→ Supplied material:

Content starts

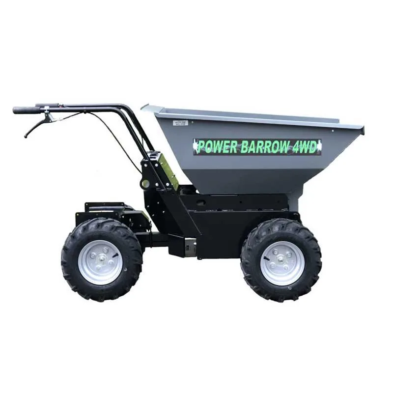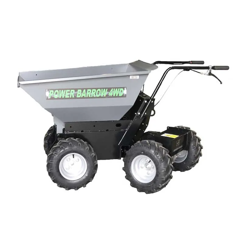 Power Barrow 4WD er utstyrt med elektrisk tippefunksjon, som gjør det svært enkelt å tømme lasten ved hjelp av en knapp. Styringen er kontrollert av den fremre enden av pivoten, noe som gjør manøvreringen enkel, og de to drevne akslene gir direkte driv til hjulene uten ledd eller kjettinger.
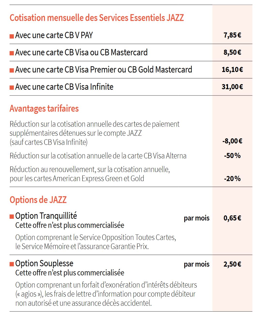 Lassurance de vos moyens de paiement. Le Jazz comprend différents services entre autres une carte bancaire une assurance Quiétis une facilité de caisse personnalisée une prise en charge des frais pour le remplacement dune carte lors dune perte ou de vol. Souscrire à loffre Jazz de la Société Générale vous permet de profiter de plusieurs avantages et notamment de la plateforme Grande Avenue.
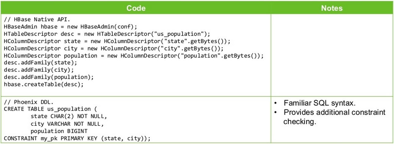 Skin SQL para HBase. Utiliza las API's estándar de JDBC en lugar de las de HBase para crear tablas, insertar y consultar datos.

Content ends

→ Work to be completed:
Your answer must be an exact copy of the data above, minus its pictures.

→ Finished task:
 Power Barrow 4WD er utstyrt med elektrisk tippefunksjon, som gjør det svært enkelt å tømme lasten ved hjelp av en knapp. Styringen er kontrollert av den fremre enden av pivoten, noe som gjør manøvreringen enkel, og de to drevne akslene gir direkte driv til hjulene uten ledd eller kjettinger.
 Lassurance de vos moyens de paiement. Le Jazz comprend différents services entre autres une carte bancaire une assurance Quiétis une facilité de caisse personnalisée une prise en charge des frais pour le remplacement dune carte lors dune perte ou de vol. Souscrire à loffre Jazz de la Société Générale vous permet de profiter de plusieurs avantages et notamment de la plateforme Grande Avenue.
 Skin SQL para HBase. Utiliza las API's estándar de JDBC en lugar de las de HBase para crear tablas, insertar y consultar datos.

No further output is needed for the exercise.